In the present paper, we introduce new models of pendulum motions for two cases: the first model consists of a pendulum with mass M moving at the end of a string with a suspended point moving on an ellipse and the second one consists of a pendulum with mass M moving at the end of a spring with a suspended point on an ellipse. In both models, we use the Lagrangian functions for deriving the equations of motions. The derived equations are reduced to a quasilinear system of the second order. We use a new mathematical technique named a large parameter method for solving both models’ systems. The analytical solutions are obtained in terms of the generalized coordinates. We use the numerical techniques represented by the fourth-order Runge–Kutta method to solve the autonomous system for both cases. The stabilities of the obtained solutions are studied using the phase diagram procedure. The obtained numerical solutions and analytical ones are compared to examine the accuracy of the mathematical and numerical techniques. The large parameter technique gives us the advantage to obtain the solutions at infinity in opposite with the famous Poincare’s (small parameters) method which was used by many outstanding scientists in the last two centuries.

1. Introduction

The pendulum motions are considered as one of the important problems in theoretical mechanics. These problems are studied by many authors in [1–5]. The authors used the small parameter technique for solving their problems. In [6], the author studied the properties of the relative periodic motions of a coherent object suspended by a flexible wire at a regular rotating vertical plane. He used Lagrange’s equations to obtain the motion equations while neglecting nonlinear boundaries. He found periodic solutions to equations using the small parameter method. In [7], the movement of a variable-length pendulum was studied and perturbation analysis [8] was used to determine the properties of the movement. In [9], the authors studied a simple pendulum revolving around an axis that has a double linear torque and is subject to periodic movements. The researchers showed that this natural system becomes an effective way to determine the change in the median resonance (parametric). In [10], the author concluded solutions for a simple pendulum in the presence of excitation in the polar direction.

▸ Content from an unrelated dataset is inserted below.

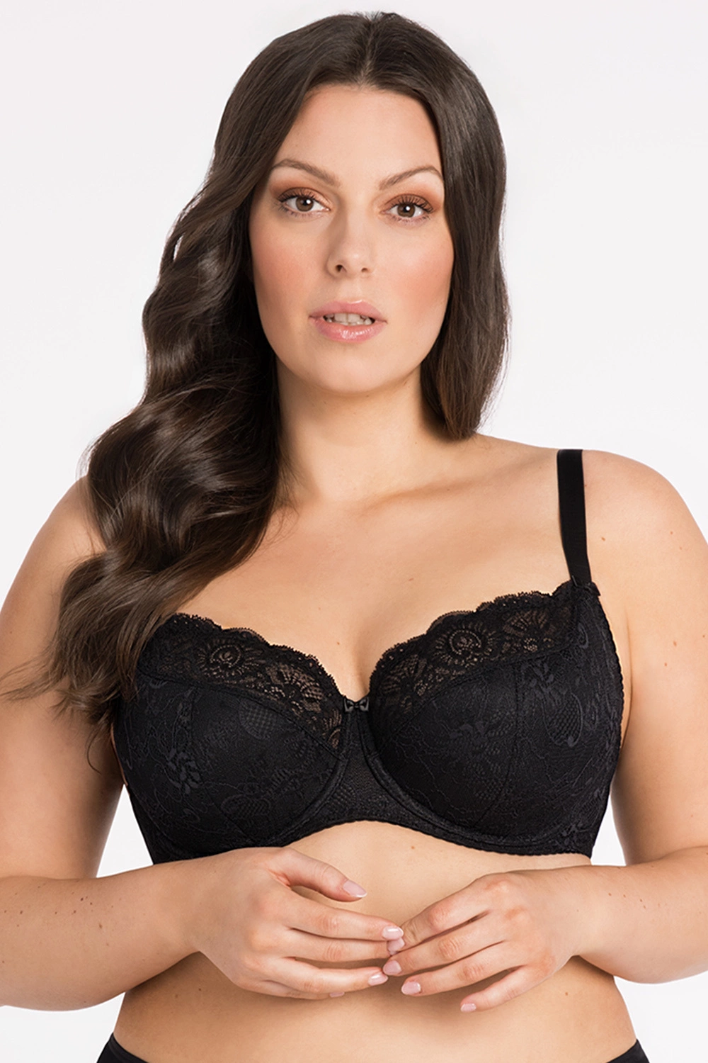 Biustonosz marki Gorsenia. Model K357 Blanca. Posiada druty, które podpierają piersi odpowiednio je kształtując. Fiszbiny pionowe osadzone na bokach. Produkt posiada regulowane ramiączka bez możliwości ich odpięcia. Haczyki do ramiączek metalowe. Biustonosz zapinany na haftki. Miejsce zapięcia: tył. Dwa rzędy haftek pionowych. Trzy stopnie haftek poziomych. Produkt został wykonany z 71% poliamid, 21% bawełna, 8% elastan. Zalety produktu: maxi size koronkowy elegancki. Produkt damski.

Nobody thought about using another technique especially the large parameter method although this technique allows us to give the problem new conditions that cannot be assumed previously. Also, this technique gives us the chance to study the problems in a new domain of the problem (at infinity). The applied work has many applications in the rotary planet motions around the Sun and the rotary motions of bodies around the Earth. Also, there are many applications in satellite motions, antennas, and navigations. In the first problem, the angular velocity is the one for the point Q instead of point A in the previous works (see Figure 1). Also, the angle is the angle between the line OQ and the fixed vertical downward x-axis in the plane xy instead of the angle between the line OA and the x-axis. However, in the second problem, we take a rigid body M instead of a particle in the first one and spring instead of a string in the first. So, the second problem takes a complicated study and procedure for obtaining the solutions in terms of three generalized coordinates instead of one in the first problem. We take into consideration the mentioned descriptions above for studying the following two models and constructing the equations of motions using the Lagrangian function. We achieve the solutions by the large parameter method instead of the small one. This method is considered as a new procedure [11] which gives new considerations for these problems.

Figure 1 

The pendulum motion on an ellipse.

2. The First Pendulum Model

In this section, we study a pendulum of mass M and string length with suspended point A moving on an ellipse (see Figure 1). For this case, we take a point Q on the auxiliary circle of radius a to correspond the point A on the ellipse. Let O be the common center of both the ellipse and the circle such that the line AQ is perpendicular on the major axis of the ellipse. When point A moves on the ellipse, the point Q moves on the circle with angular velocity in the plane xy. Let A begin the motion at the initial moment in an anticlockwise direction. After a time t, the coordinates of the point A becomes such thatwhere 2a and 2b are the major and the minor axes of the ellipse, respectively. The coordinates (X, Y) of m are obtained aswhere is the angle between the string and the vertical axis. Assume the following parameters [12],where is a large parameter, that is,  << b.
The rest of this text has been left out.